I think this framing offers some light on why language correlation models often code well (or usefully). Presumably, the vast majority of code posted on public repos compiles and executes correctly (given the right environment) and thus represents valid deductive arguments. Coding language is more regular than natural language. Nevertheless, there is sufficient regularity in natural language such that the language correlation model compels many human operators---at least as parlor tricks (cf Shannon and NLP in CH5 of The Irrational Decision). Also, see 'The debate over understanding in AI’s large language models' by Mitchell and Krakauer (https://www.pnas.org/doi/10.1073/pnas.2215907120).
“. . . the very unnatural model of statistically summarizing language and code via maximum likelihood estimation. People don’t do this.”
Are you sure? I’m not saying that in learning to catch a fly ball one’s doing calculus, but it seems to me that we are statistically summarizing (not necessarily properly or correctly) and that we do some type of likelihood estimation. In the worst case, our estimation confirms what we want observed data to be, our most probable way of being right (even when we’re not).

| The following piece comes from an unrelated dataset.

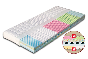 tvoří kombinace polyuretanových a viscoelastických pěn různých tuhostí,

All I was saying there is that humans certainly do not acquire language by maximum likelihood estimation of a probabilistic model with respect to a terascale corpus of tokenized text.
Sure. I agree. I just thought it was interesting how we might acquire language is through some type of trial/error likelihood estimation while dealing with terascale size of information out there. Anyway, you have got some great sentences in this post.